A company is liable to pay tax on the income of the corporate. The rate of Income tax that is levied on a limited liability company is 30%.
It is, however, is subjected to dividend distribution tax when it is required to pay the dividend. Under the Income Tax Act, the Dividend distribution tax is charged at the rate of 16%.
The third kind of tax that is applicable to a company is the Minimum Alternate Tax. Many companies charge depreciation in their books on a straight line method. Thus, the profit which is shown is higher in the accounts that are maintained for the company law purposes and thus they can also declare a dividend. However, for the income tax purposes, they charge depreciation on the basis of written down value which is higher. Thus, for the income tax purpose, they may either show a low profit or even show a loss. These companies are called as zero tax company. Since these companies show higher profits in their balance sheets, Such kind of profit is called as book profit.
A company is required to pay MAT on its book profit if the income tax that is payable on the total income as is calculated under the Act which is less than the minimum. According to the latest Finance Act, MAT is accessed at the rate of 18% from April 2011.
Taxes that are levied on a Limited Liability Partnership
Taxation structure for LLP is, however, simpler. LLP is only subjected to Income tax and the Alternative Minimum Tax. Dividend Distribution tax is though not applicable on LLP. Once the profit is declared and tax is paid by the LLP, the distributed income becomes tax free in the hands of the partners. However, Tax is levied on the firm at the rate of 30%.

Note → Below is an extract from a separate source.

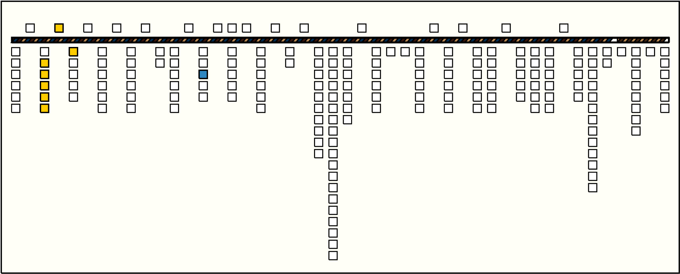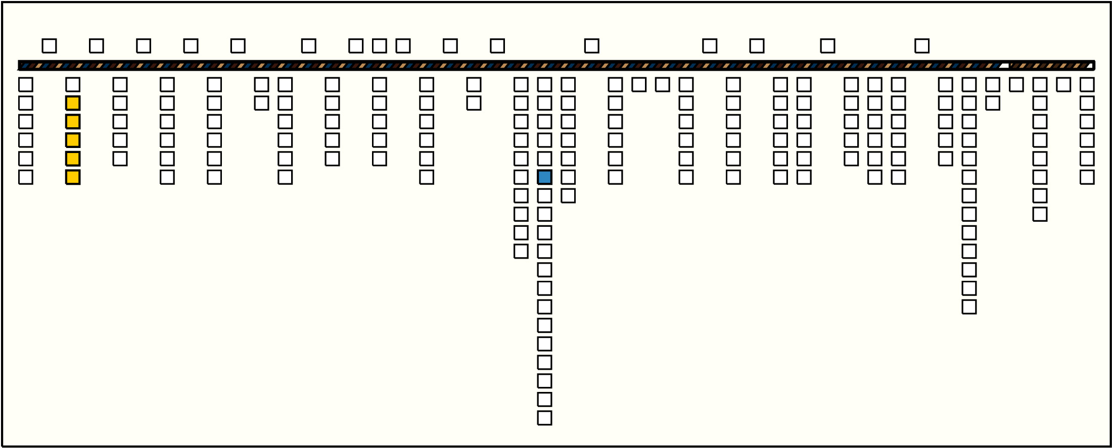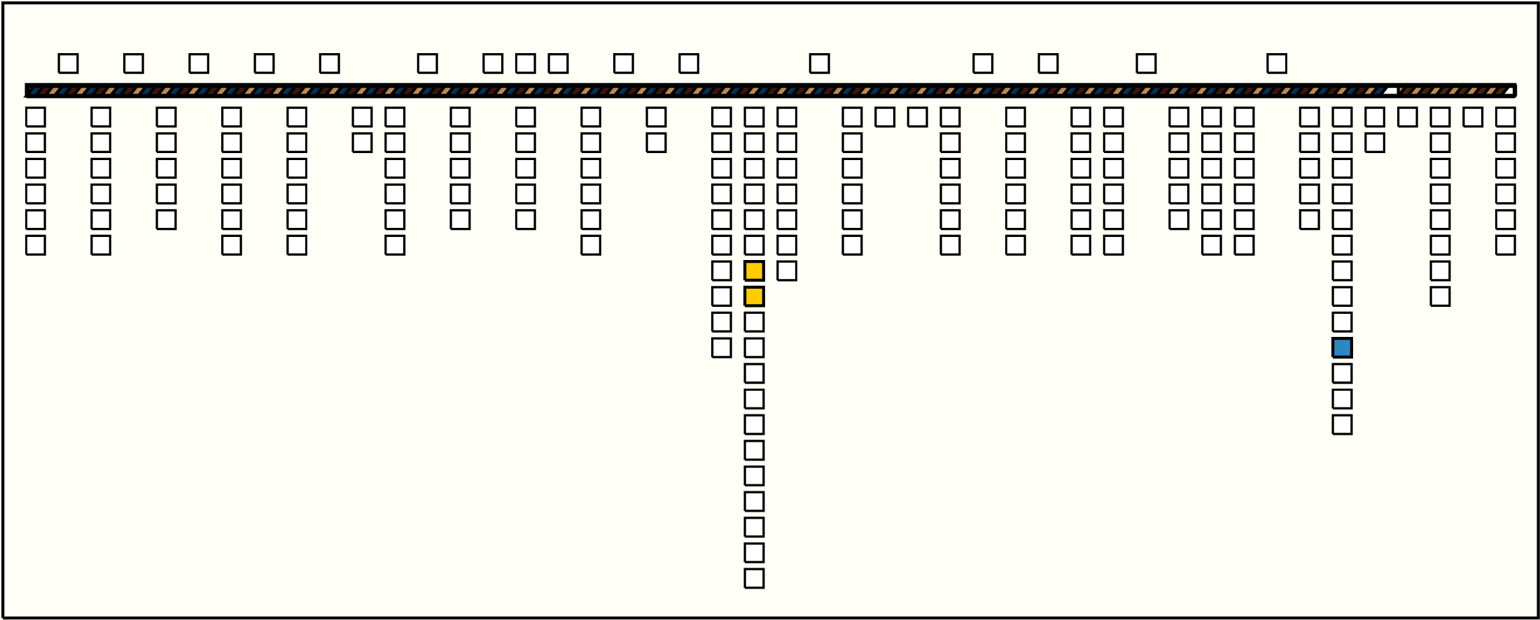 | 18 | ![]() | g27p1 : 100BS | 100 | 12 | g24p4: 4YB:BS + g24p5: 0YB:BS + g24p6: 0YB:BS + g24p7: 0YB:BS + g25p1: 0YB + g25p2: 0YB + g25p3: 0YB + g25p4: 0YB + g25p5: 0YB + g26p1: 6YB + g26p2: 0MB + g26p3: 90MB | |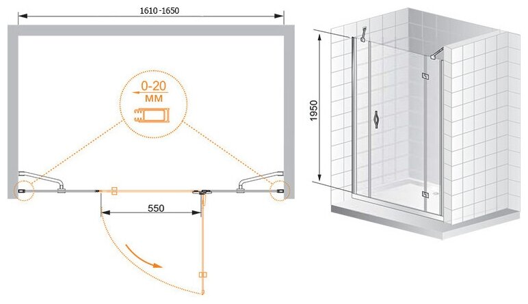 | Дополнительная информация | Ширина. мм | 1610;Материал полотна двери | стекло;Материал профиля | алюминий;Монтаж | на поддон/напольный;Поверхность | глянцевая;Дополнительная информация | дверь имеет регулируемую ширину на 4 см; |

LLP is now subjected to Alternate Minimum Tax which took place from the assessment year 2012-2013. The purpose behind the implementation of this tax is to rationalize taxation of the llps with the companies. However in order to avail tax benefits many companies have converted into LLPs, hence, the Union Budget 2011 had introduced a new Chapter XII-BA under the Income Tax Act 1961 which provided for Alternate Minimum Tax (AMT) at the rate of 18.5% and this was on the adjusted total income of the Limited Liability Partnerships. According to the new rule, when the regular income is tax payable by an LLP for a particular financial year which is less than the corresponding alternate minimum tax that is computed at the rate of 18.5% on its adjusted total income; such an alternate minimum tax shall be deemed to be the income tax liability of such kind of LLP.
Thus in spite being subjected to AMT, LLP also offers lesser tax liability in comparison to the LLC. Hence, it is, however, preferable for a freelancer and sometimes a startup to set up their business in the form of LLP rather than an LLC.